Supplied information:
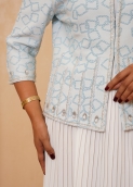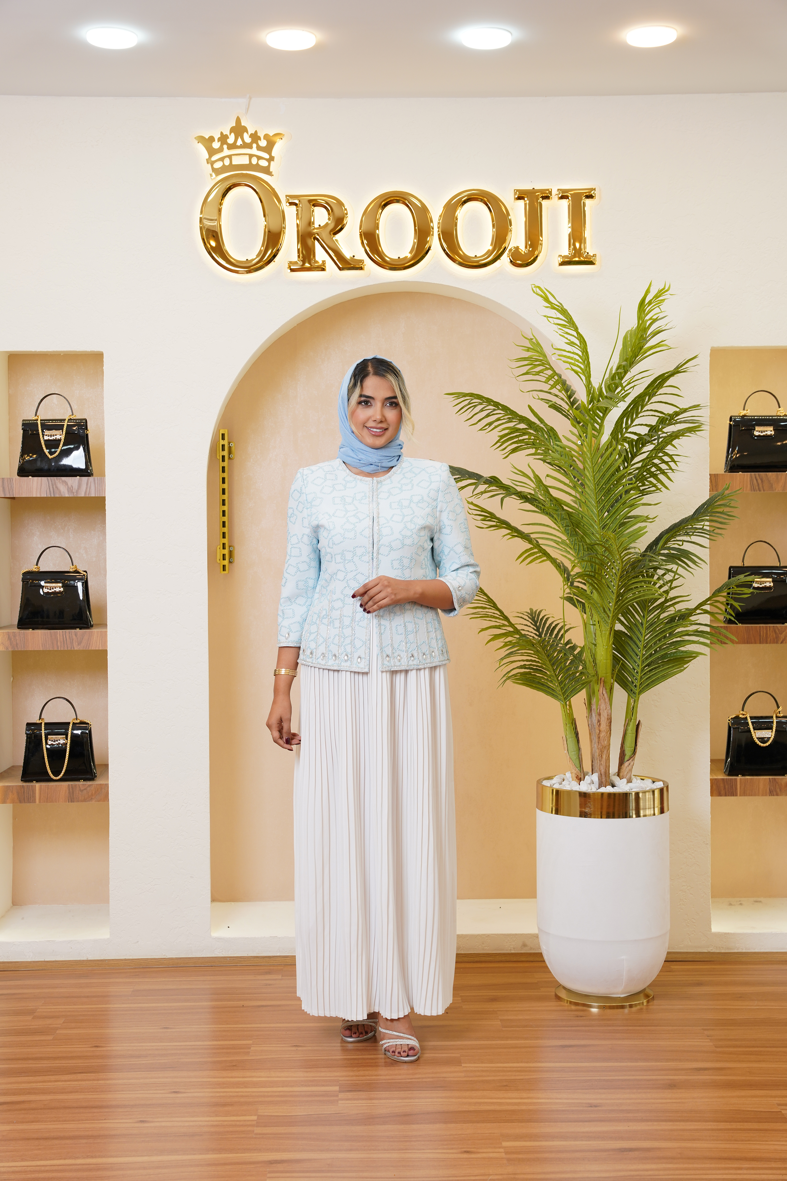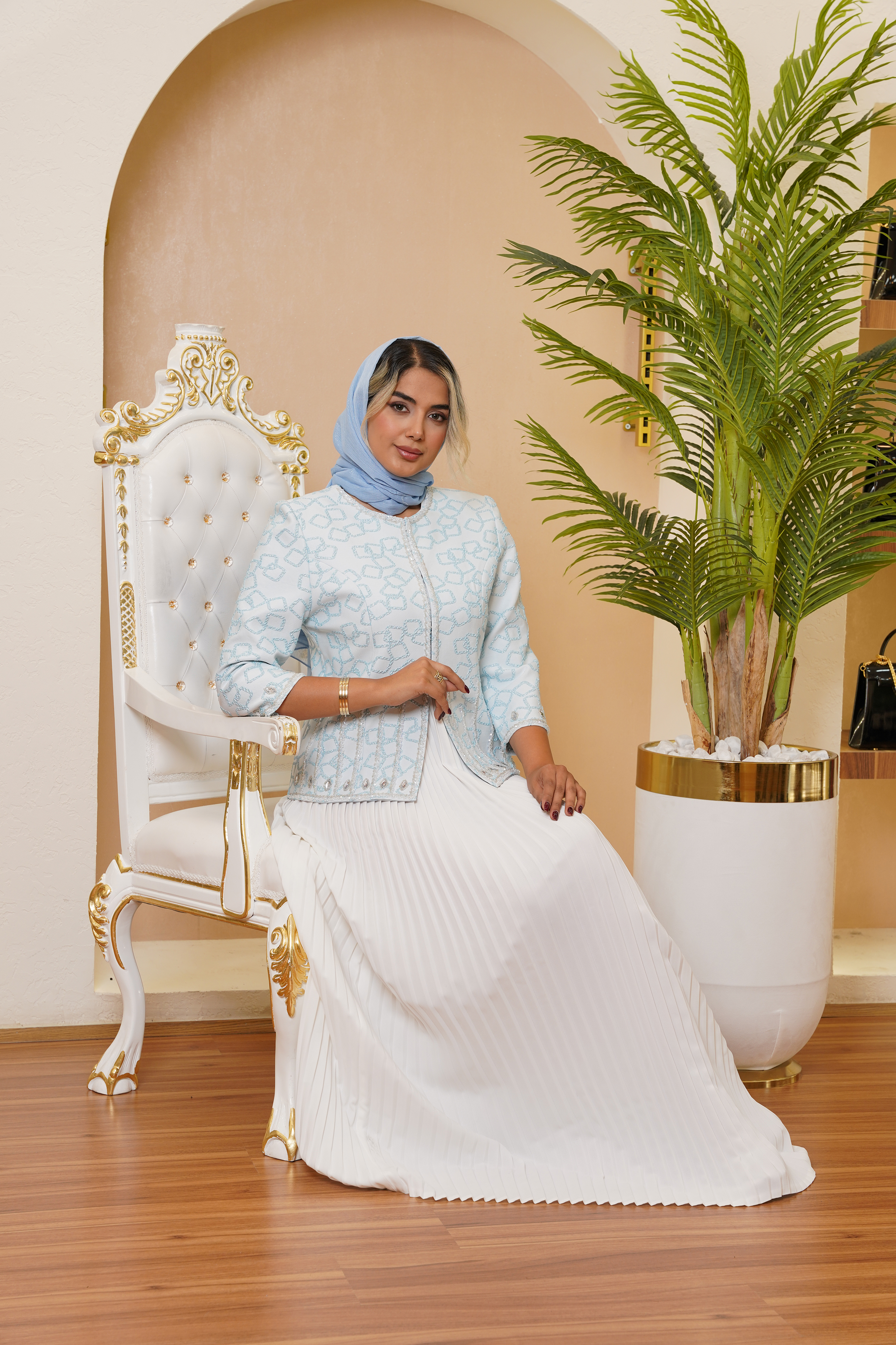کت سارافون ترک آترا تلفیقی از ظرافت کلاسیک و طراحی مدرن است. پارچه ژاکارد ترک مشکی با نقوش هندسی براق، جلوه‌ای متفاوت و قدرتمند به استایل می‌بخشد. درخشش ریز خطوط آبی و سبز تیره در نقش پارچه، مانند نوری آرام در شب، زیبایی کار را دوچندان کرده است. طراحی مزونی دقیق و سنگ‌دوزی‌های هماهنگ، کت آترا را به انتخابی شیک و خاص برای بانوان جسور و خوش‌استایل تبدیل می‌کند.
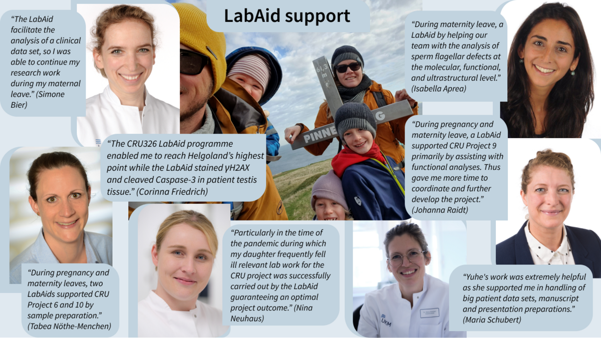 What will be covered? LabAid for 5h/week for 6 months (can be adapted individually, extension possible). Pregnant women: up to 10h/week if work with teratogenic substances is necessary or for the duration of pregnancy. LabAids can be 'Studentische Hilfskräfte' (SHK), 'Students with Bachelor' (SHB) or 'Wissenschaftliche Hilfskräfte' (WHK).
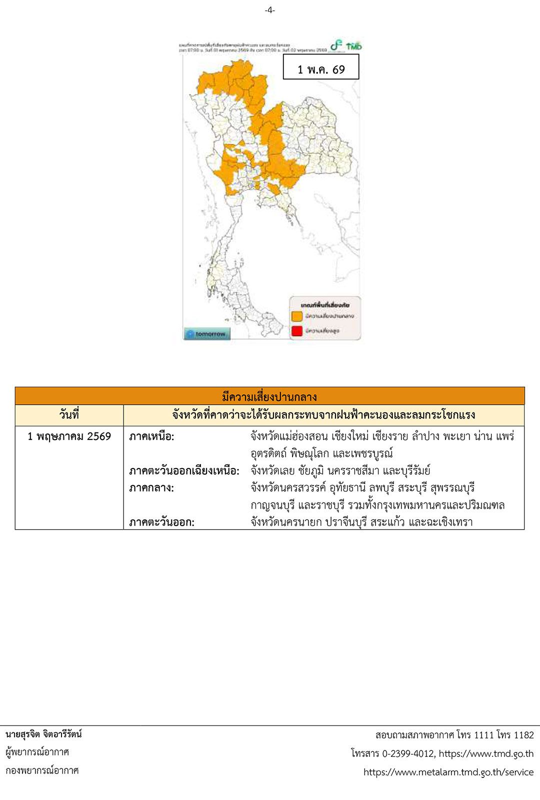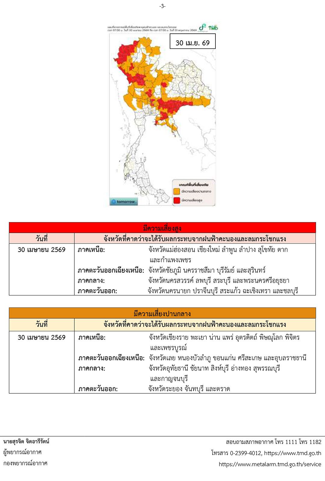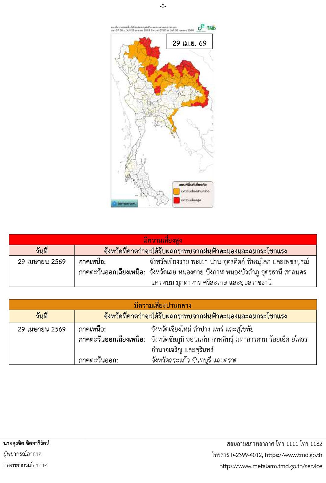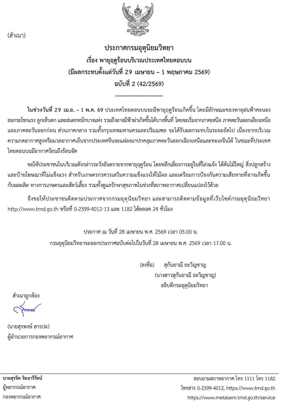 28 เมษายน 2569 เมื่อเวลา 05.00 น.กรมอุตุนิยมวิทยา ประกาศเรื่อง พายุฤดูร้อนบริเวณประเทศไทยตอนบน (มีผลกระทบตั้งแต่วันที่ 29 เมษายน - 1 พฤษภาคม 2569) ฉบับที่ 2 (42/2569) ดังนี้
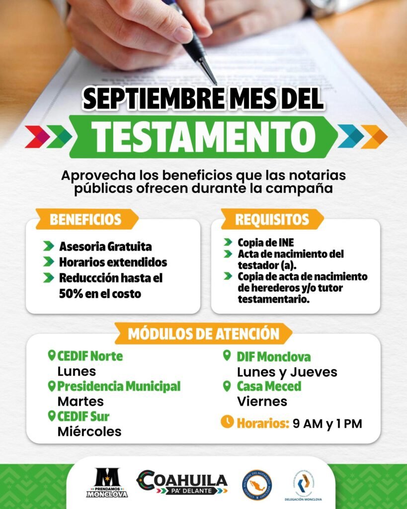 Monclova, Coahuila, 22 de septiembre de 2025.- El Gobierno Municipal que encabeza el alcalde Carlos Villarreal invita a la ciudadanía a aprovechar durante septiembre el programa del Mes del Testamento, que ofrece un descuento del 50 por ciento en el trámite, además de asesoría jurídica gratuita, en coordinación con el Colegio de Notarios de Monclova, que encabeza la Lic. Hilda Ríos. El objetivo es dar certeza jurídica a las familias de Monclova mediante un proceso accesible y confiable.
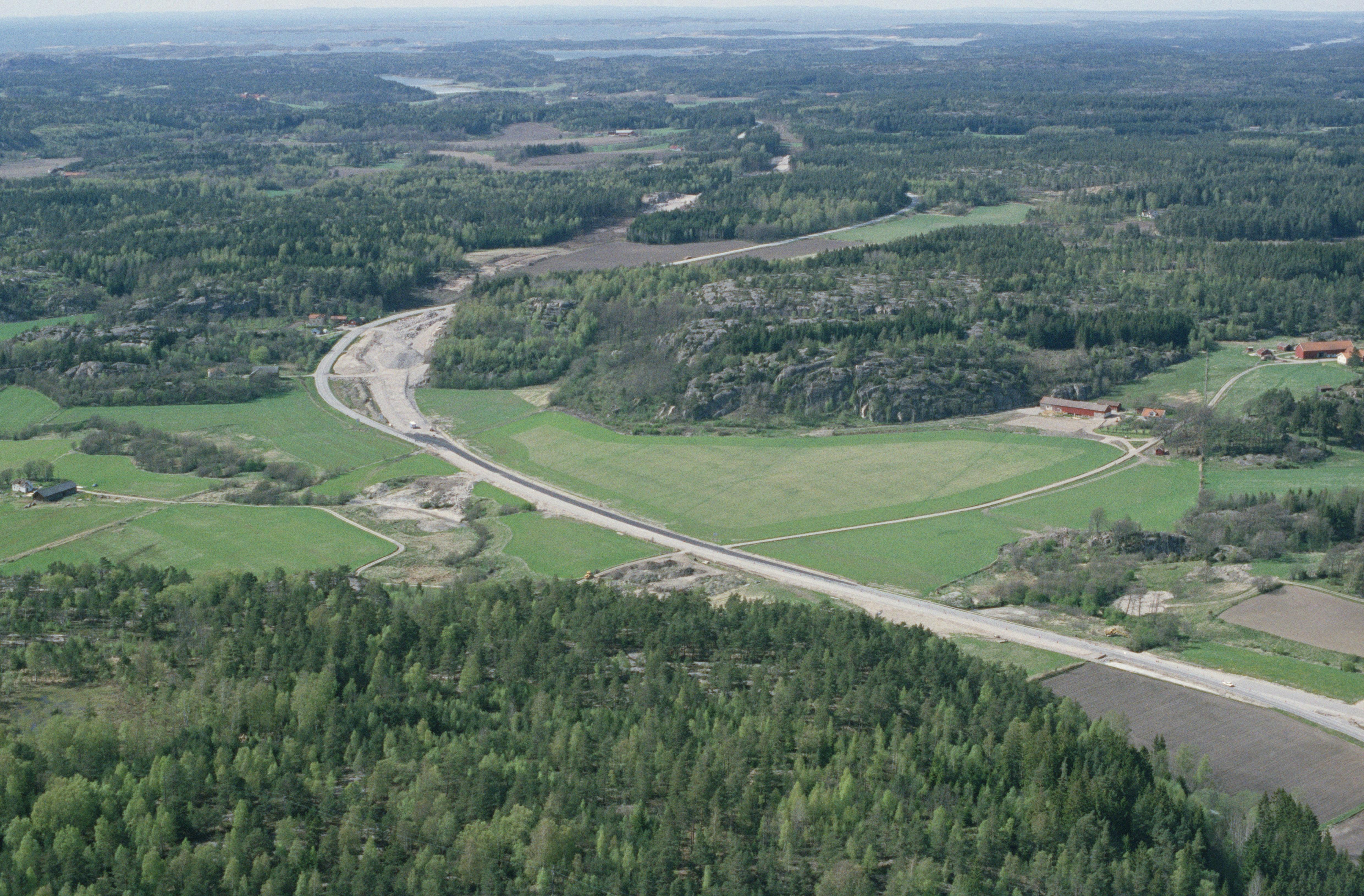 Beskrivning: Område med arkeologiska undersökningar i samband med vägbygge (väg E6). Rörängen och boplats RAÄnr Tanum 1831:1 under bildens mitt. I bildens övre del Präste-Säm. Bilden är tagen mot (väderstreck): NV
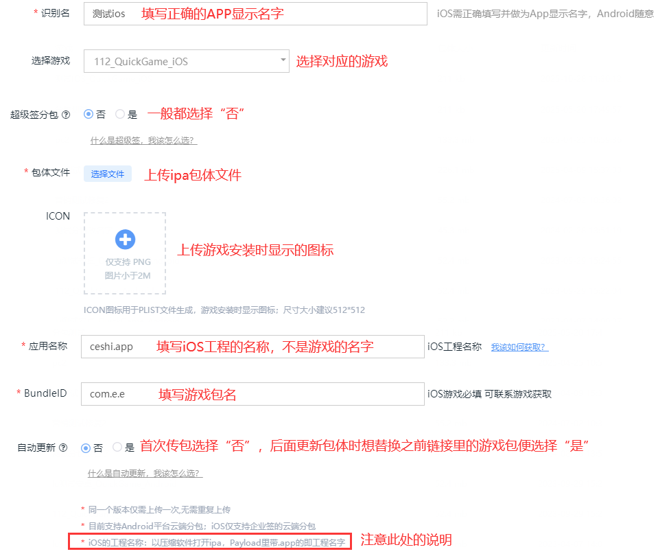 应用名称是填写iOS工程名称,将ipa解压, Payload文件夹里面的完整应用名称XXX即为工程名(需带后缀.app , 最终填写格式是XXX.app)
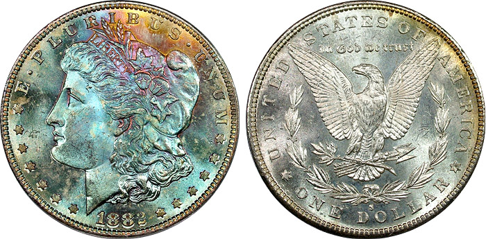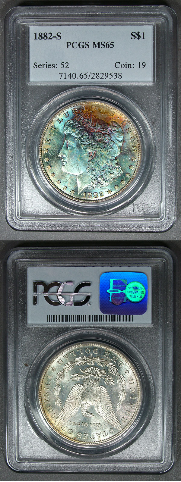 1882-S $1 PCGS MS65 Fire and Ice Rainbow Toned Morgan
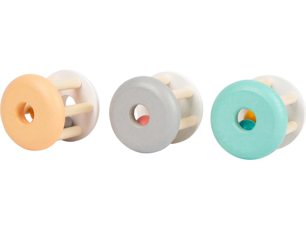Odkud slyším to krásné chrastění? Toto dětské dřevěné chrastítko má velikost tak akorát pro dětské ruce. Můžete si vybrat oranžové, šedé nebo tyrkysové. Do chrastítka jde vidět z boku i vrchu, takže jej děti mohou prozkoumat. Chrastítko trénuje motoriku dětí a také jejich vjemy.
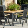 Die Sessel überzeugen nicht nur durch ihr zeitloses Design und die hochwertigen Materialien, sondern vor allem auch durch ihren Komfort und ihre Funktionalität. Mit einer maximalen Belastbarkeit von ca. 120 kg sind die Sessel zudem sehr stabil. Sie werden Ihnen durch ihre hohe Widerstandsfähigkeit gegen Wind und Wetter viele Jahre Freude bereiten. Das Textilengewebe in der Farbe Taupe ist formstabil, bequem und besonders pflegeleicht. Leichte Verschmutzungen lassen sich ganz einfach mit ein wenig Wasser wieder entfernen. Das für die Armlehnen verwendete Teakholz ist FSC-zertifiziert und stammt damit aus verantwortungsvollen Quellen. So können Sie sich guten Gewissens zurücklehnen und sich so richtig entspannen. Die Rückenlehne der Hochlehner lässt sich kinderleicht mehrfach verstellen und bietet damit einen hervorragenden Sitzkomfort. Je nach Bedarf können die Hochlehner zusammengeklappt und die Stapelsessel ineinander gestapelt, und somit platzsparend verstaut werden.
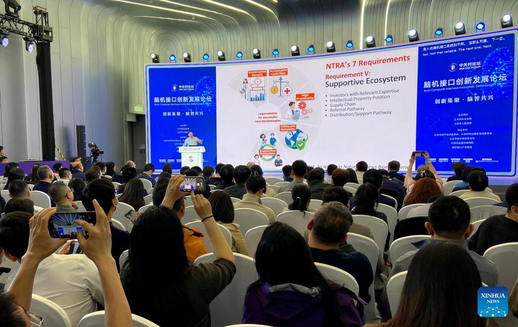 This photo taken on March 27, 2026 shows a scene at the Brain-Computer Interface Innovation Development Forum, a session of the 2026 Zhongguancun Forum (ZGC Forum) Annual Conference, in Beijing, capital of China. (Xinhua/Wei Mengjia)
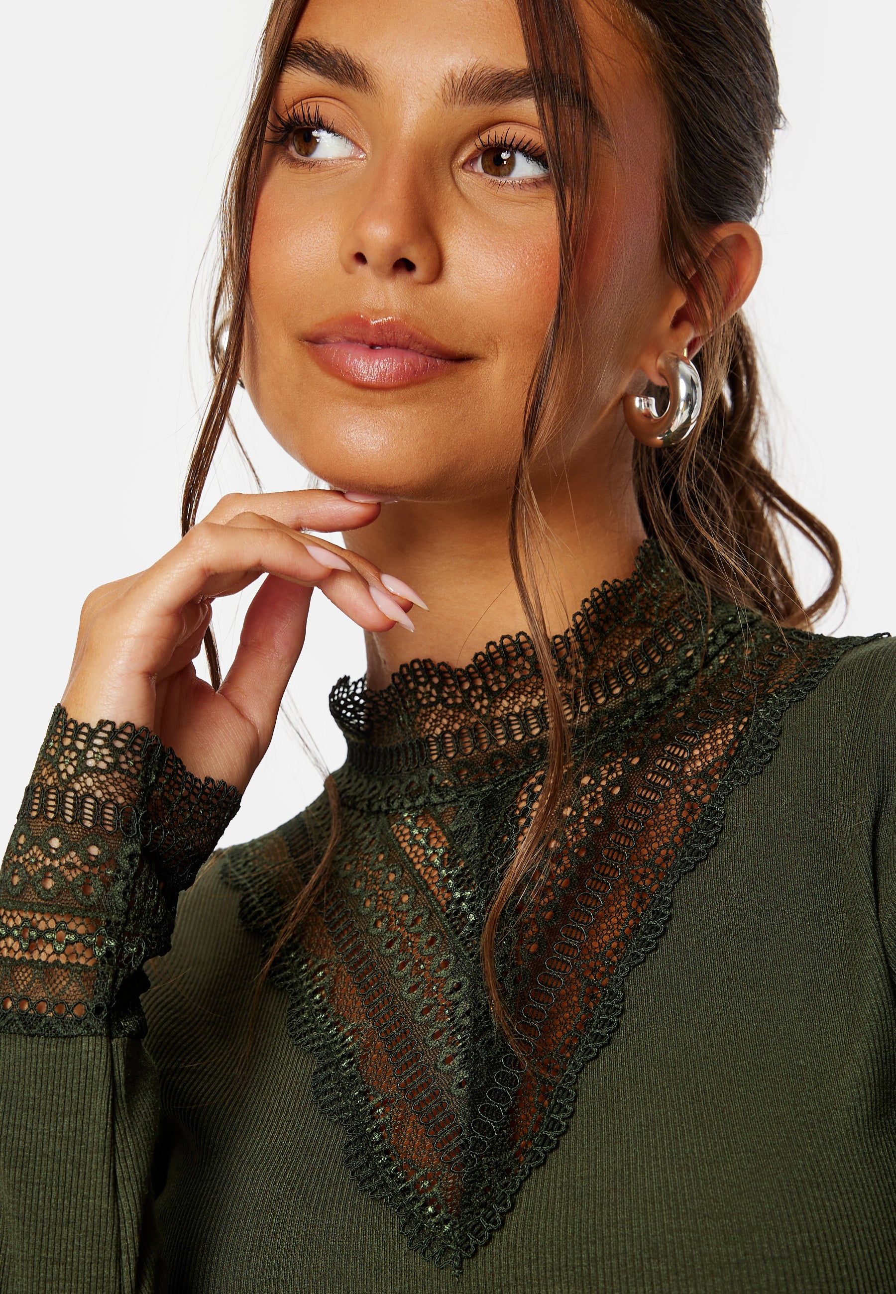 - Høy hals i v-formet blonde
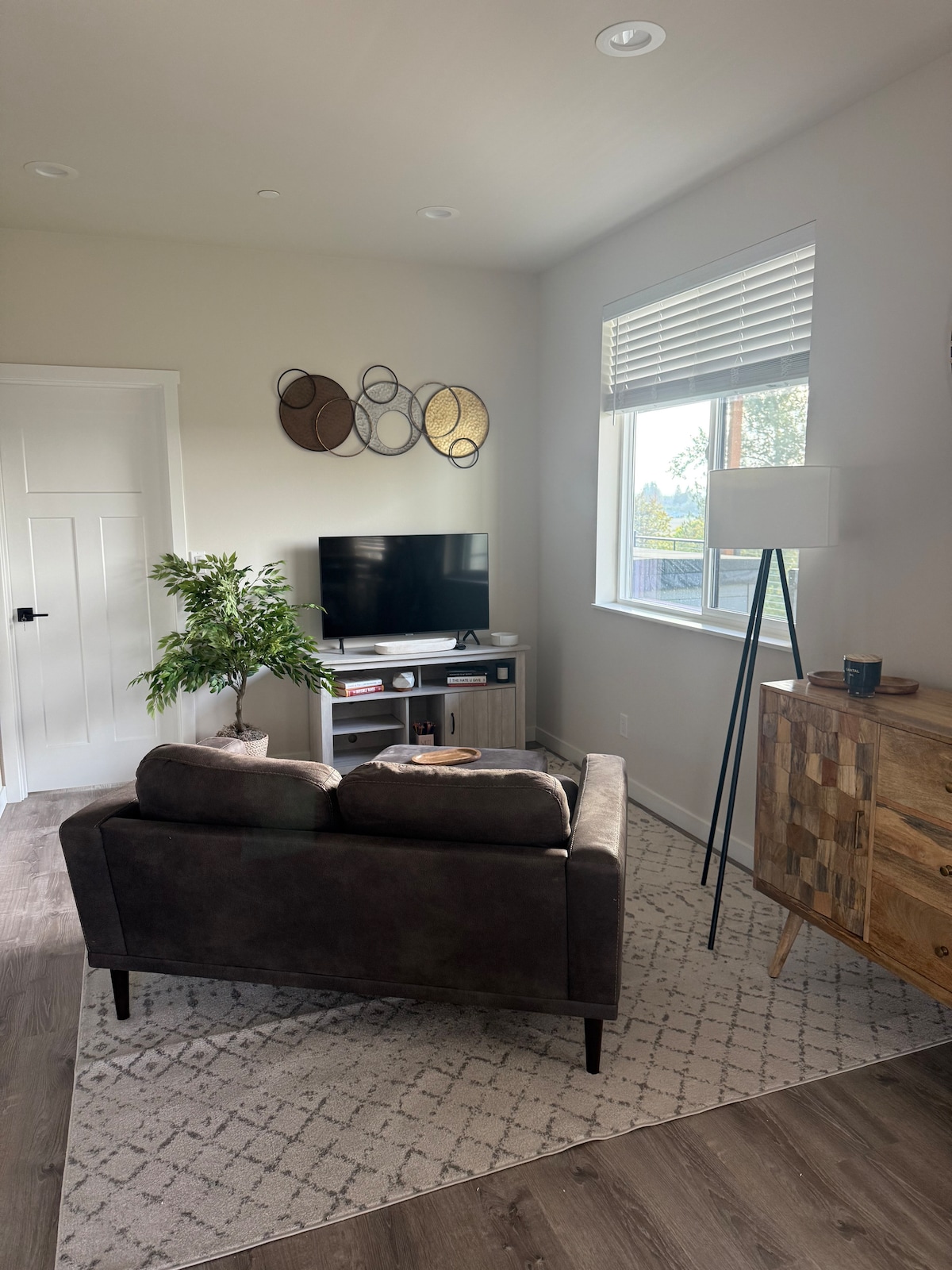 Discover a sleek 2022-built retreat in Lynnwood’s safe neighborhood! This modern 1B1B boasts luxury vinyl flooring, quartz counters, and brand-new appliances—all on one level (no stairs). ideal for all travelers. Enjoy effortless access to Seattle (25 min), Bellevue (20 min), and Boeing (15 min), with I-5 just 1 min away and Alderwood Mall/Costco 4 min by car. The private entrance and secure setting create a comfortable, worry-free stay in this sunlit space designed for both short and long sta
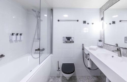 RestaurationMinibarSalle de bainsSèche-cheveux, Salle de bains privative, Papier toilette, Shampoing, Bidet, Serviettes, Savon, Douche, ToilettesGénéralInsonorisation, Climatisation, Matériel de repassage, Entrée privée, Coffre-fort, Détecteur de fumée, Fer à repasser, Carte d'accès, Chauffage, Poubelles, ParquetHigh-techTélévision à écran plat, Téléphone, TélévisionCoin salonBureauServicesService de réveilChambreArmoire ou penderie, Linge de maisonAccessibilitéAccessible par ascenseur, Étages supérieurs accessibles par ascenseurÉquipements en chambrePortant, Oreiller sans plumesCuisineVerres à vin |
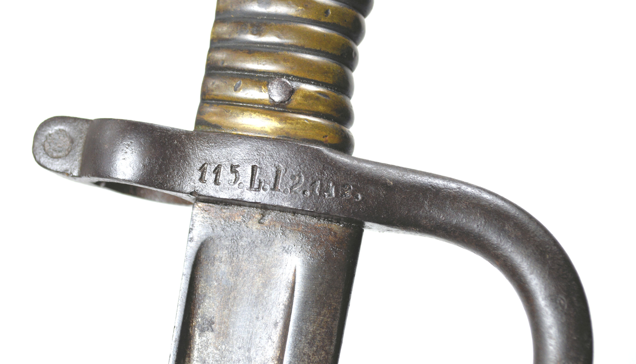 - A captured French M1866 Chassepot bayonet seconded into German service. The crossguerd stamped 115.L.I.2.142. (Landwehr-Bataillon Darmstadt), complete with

Exercise instructions: The reply should hold only the lines running from the top of the records to the line containing "Payload文件夹里面的完整应用名称XXX即为工程名(需带后缀.app , 最终填写格式是XXX.app)", both included, copied exactly with no pictures.

Your solution:
کت سارافون ترک آترا تلفیقی از ظرافت کلاسیک و طراحی مدرن است. پارچه ژاکارد ترک مشکی با نقوش هندسی براق، جلوه‌ای متفاوت و قدرتمند به استایل می‌بخشد. درخشش ریز خطوط آبی و سبز تیره در نقش پارچه، مانند نوری آرام در شب، زیبایی کار را دوچندان کرده است. طراحی مزونی دقیق و سنگ‌دوزی‌های هماهنگ، کت آترا را به انتخابی شیک و خاص برای بانوان جسور و خوش‌استایل تبدیل می‌کند.
 What will be covered? LabAid for 5h/week for 6 months (can be adapted individually, extension possible). Pregnant women: up to 10h/week if work with teratogenic substances is necessary or for the duration of pregnancy. LabAids can be 'Studentische Hilfskräfte' (SHK), 'Students with Bachelor' (SHB) or 'Wissenschaftliche Hilfskräfte' (WHK).
 28 เมษายน 2569 เมื่อเวลา 05.00 น.กรมอุตุนิยมวิทยา ประกาศเรื่อง พายุฤดูร้อนบริเวณประเทศไทยตอนบน (มีผลกระทบตั้งแต่วันที่ 29 เมษายน - 1 พฤษภาคม 2569) ฉบับที่ 2 (42/2569) ดังนี้
 Monclova, Coahuila, 22 de septiembre de 2025.- El Gobierno Municipal que encabeza el alcalde Carlos Villarreal invita a la ciudadanía a aprovechar durante septiembre el programa del Mes del Testamento, que ofrece un descuento del 50 por ciento en el trámite, además de asesoría jurídica gratuita, en coordinación con el Colegio de Notarios de Monclova, que encabeza la Lic. Hilda Ríos. El objetivo es dar certeza jurídica a las familias de Monclova mediante un proceso accesible y confiable.
 Beskrivning: Område med arkeologiska undersökningar i samband med vägbygge (väg E6). Rörängen och boplats RAÄnr Tanum 1831:1 under bildens mitt. I bildens övre del Präste-Säm. Bilden är tagen mot (väderstreck): NV
 应用名称是填写iOS工程名称,将ipa解压, Payload文件夹里面的完整应用名称XXX即为工程名(需带后缀.app , 最终填写格式是XXX.app)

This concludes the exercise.